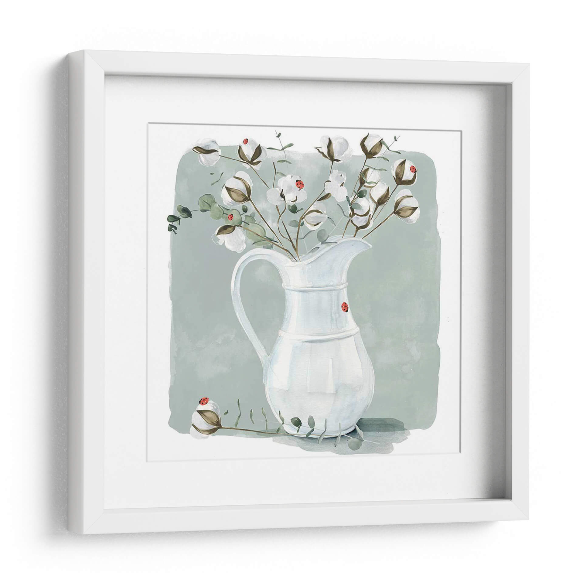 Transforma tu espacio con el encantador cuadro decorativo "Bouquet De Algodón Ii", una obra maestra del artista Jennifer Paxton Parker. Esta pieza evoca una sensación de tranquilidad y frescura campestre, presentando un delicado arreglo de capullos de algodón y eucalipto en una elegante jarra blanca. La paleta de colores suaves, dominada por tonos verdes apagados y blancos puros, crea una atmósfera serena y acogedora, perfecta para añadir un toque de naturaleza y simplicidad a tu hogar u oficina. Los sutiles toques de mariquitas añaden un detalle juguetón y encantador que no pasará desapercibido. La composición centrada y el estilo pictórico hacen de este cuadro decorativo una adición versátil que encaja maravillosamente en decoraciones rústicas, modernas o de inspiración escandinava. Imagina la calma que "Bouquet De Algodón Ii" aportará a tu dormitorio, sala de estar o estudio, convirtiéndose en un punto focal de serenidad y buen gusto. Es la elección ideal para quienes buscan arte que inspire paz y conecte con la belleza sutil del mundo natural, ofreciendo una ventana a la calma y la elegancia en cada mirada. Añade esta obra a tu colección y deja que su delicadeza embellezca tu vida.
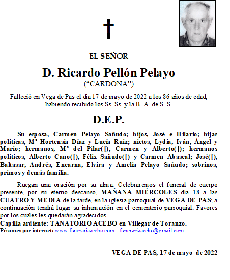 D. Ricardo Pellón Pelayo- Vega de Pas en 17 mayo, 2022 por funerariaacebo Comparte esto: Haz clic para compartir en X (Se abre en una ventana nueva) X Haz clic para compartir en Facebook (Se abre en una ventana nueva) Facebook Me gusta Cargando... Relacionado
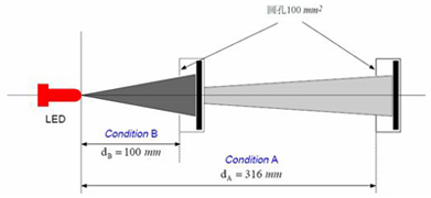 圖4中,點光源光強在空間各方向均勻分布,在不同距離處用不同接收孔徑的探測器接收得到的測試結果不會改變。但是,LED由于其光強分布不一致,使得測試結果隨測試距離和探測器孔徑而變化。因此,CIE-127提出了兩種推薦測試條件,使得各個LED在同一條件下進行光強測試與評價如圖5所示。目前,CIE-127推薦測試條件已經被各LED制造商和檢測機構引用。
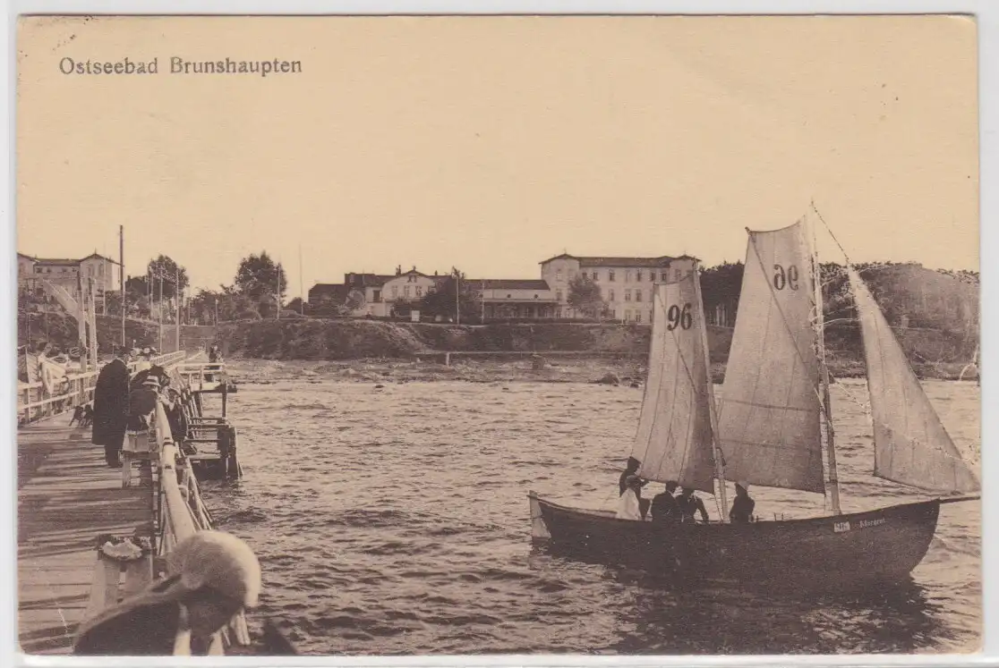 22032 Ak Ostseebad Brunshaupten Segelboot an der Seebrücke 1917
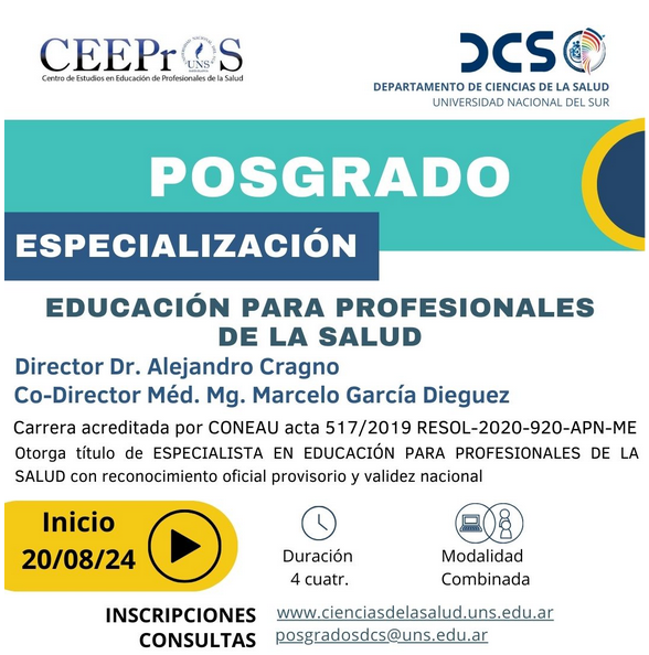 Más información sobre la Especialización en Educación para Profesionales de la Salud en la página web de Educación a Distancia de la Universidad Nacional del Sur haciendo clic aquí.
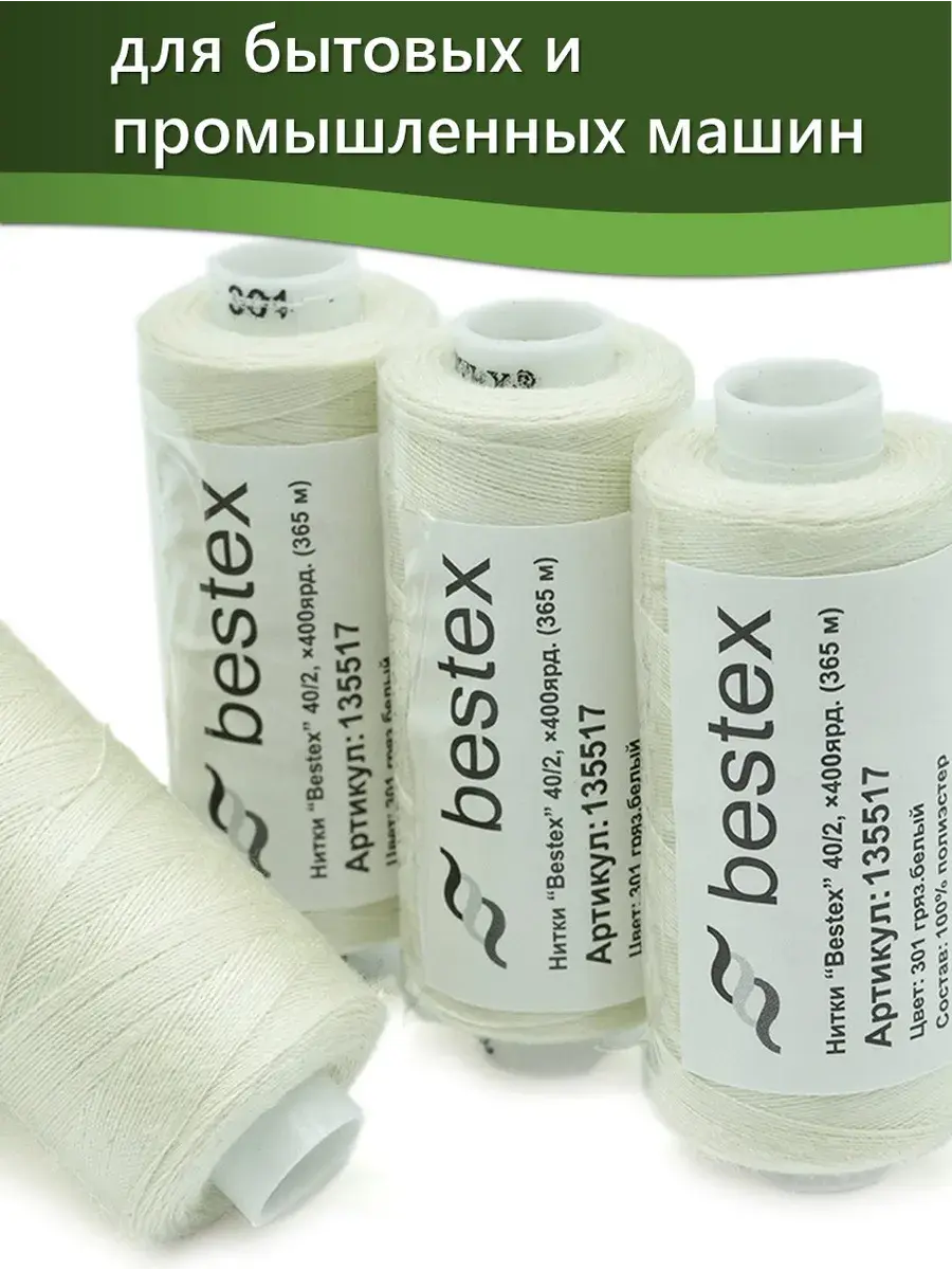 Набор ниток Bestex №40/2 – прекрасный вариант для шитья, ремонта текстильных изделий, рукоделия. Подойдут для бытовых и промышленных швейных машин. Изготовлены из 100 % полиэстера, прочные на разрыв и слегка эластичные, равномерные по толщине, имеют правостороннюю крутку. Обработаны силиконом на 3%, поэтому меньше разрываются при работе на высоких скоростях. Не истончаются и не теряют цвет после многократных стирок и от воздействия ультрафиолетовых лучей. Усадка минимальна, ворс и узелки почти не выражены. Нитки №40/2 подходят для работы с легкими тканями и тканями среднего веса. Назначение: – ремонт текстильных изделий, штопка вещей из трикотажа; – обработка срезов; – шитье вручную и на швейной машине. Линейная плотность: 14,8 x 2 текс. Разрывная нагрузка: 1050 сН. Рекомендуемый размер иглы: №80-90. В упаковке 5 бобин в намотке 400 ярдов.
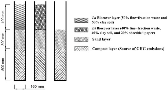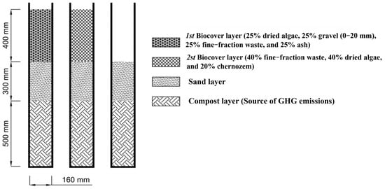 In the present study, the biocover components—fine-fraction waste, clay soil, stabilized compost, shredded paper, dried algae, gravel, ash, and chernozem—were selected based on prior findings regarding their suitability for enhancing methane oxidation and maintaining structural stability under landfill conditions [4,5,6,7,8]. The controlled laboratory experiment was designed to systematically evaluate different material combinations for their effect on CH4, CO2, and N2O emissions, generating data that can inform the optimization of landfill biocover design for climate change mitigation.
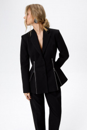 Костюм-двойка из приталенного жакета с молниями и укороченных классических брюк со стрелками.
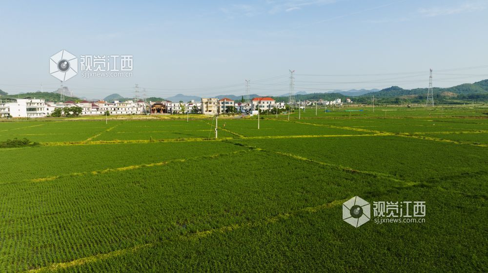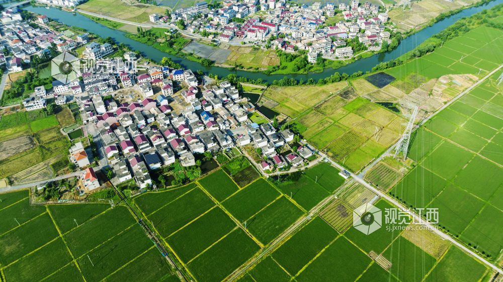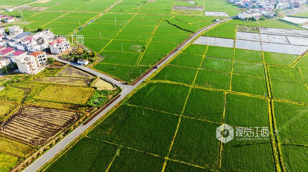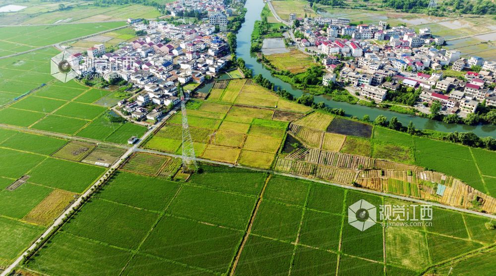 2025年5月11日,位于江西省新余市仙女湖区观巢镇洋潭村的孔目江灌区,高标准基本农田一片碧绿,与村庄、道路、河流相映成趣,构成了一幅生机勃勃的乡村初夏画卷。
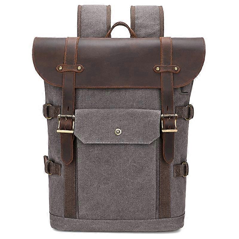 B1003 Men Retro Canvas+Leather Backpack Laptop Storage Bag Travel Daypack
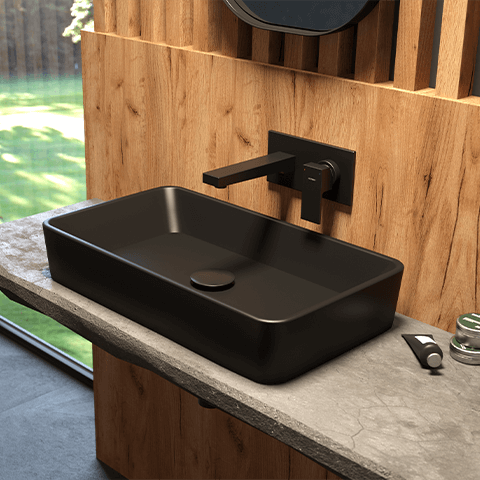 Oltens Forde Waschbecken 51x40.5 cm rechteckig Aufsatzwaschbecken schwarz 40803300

※ ※ ※

#### [Activity]
Write out, word for word, the lines running from the one containing "2025年5月11日,位于江" to the end of the data above; the pictures are to be left out.

#### [Exercise response]
 2025年5月11日,位于江西省新余市仙女湖区观巢镇洋潭村的孔目江灌区,高标准基本农田一片碧绿,与村庄、道路、河流相映成趣,构成了一幅生机勃勃的乡村初夏画卷。
 B1003 Men Retro Canvas+Leather Backpack Laptop Storage Bag Travel Daypack
 Oltens Forde Waschbecken 51x40.5 cm rechteckig Aufsatzwaschbecken schwarz 40803300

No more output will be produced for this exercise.